Oracle Siebel and Salesforce.com both sell customer relationship management [CRM] software for businesses. Oracle and HP each make the back-end infrastructure needed to support the CRM process on a 24/7 basis.

CRM combines business processes, technology and enterprise policies to obtain and keep customers. The CRM process also keeps track of customer preferences, buying habits, service requests, information requests, complaints, and many other categories.

Much of the information gained from CRM systems is now being used in business analytics in order to improve business projections.

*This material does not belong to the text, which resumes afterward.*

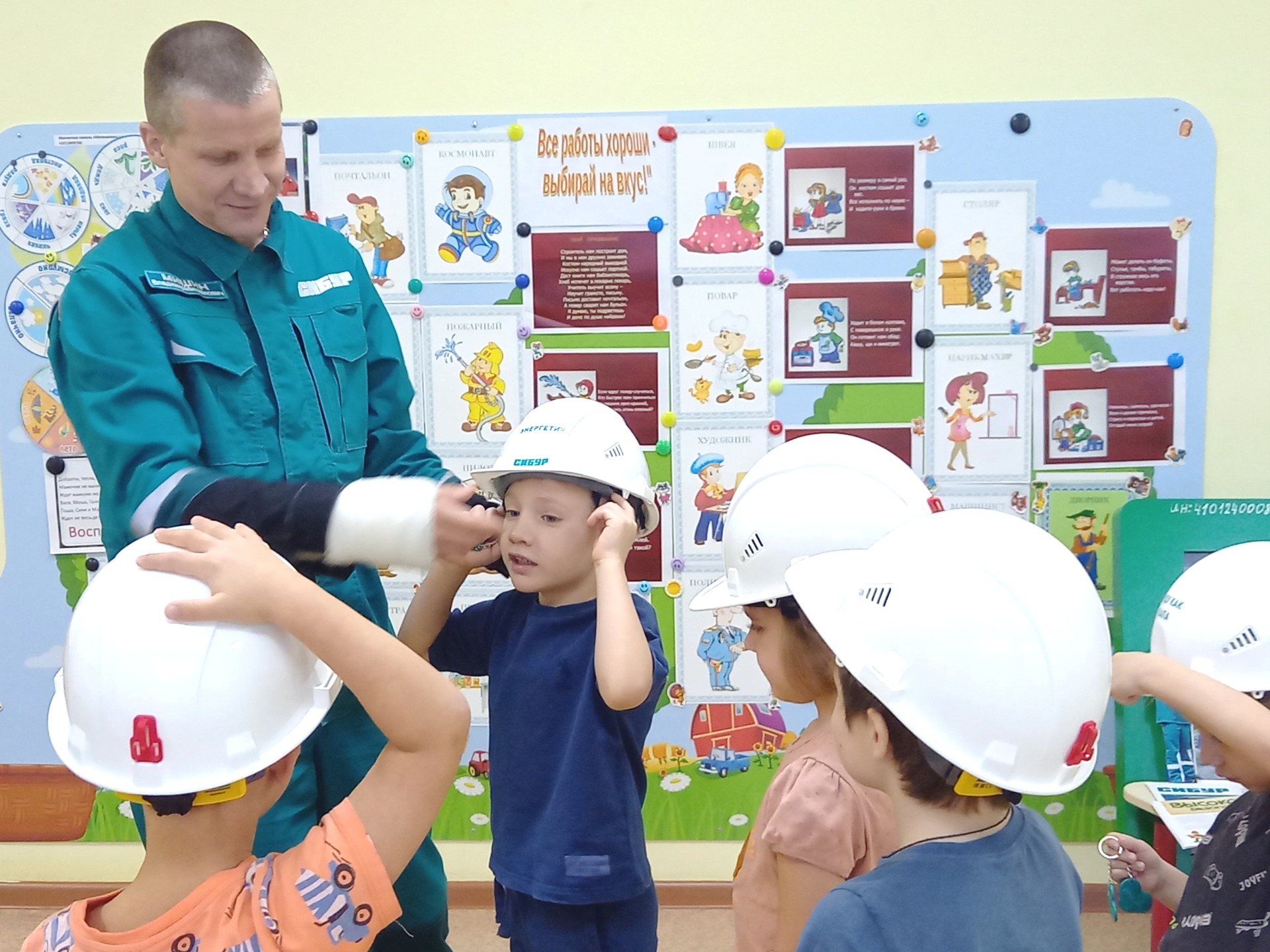 Первой встречей была с Мишиным Владимиром Михайловичем, он рассказал, что работает в самой крупной компании нашего города -СИБУР, директором по капитальному строительству. Объяснил детям, что важно планировать работу и работать в команде, чтобы создавать современные и экологичные материалы и технологии, заботясь о природе и будущем планеты. Познакомил ребят с полипропиленом, а они сравнили его с разноцветным бисером, и очень удивились когда узнали, что из него производят: тару и упаковку, трубы, изделия для медицинской отрасли и др. В процессе беседы Владимир Михайлович предлагал детям примерить строительные каски, рассказал, что у работников СИБУР специальная одежда. Подарил малышам на память о встрече: брелки-изготовленные на заводе, познавательные книги, наклейки с портретом Д.И Менделеева.

New HP CEO might speak at Dreamforce event

Chowdhry also said in the report that Salesforce.com wants to close the deal with HP prior to its Dreamforce 2010 customer/partner/media cloud computing conference in San Francisco, set for Dec. 6 through 9.

The analyst, who's been in the business for more than 15 years and specializes in strategic mergers and acquisitions, equity research, and corporate development, said that if the deal in fact materializes, HP will build new cloud computing infrastructure for 35,000 to 40,000 seats for Salesforce.

Chowdhry also said that new HP CEO Leo Apotheker may make an appearance at Dreamforce.

"What kind of statement would that make about Oracle if the HP CEO were to appear onstage with [Marc] Benioff for the keynote?" Choudhry asked eWEEK, rhetorically.

Apotheker, who took over the HP leadership role on Nov. 1, has been a controversial figure of sorts. Oracle tried for more than a month to locate him to have him testify in an intellectual property copyright violations lawsuit against SAP, where Apotheker served as CEO or co-CEO for several years.

But the new HP CEO was not available to be in court because he was traveling around the globe, visiting his company's various offices in an effort to become more familiar with the company.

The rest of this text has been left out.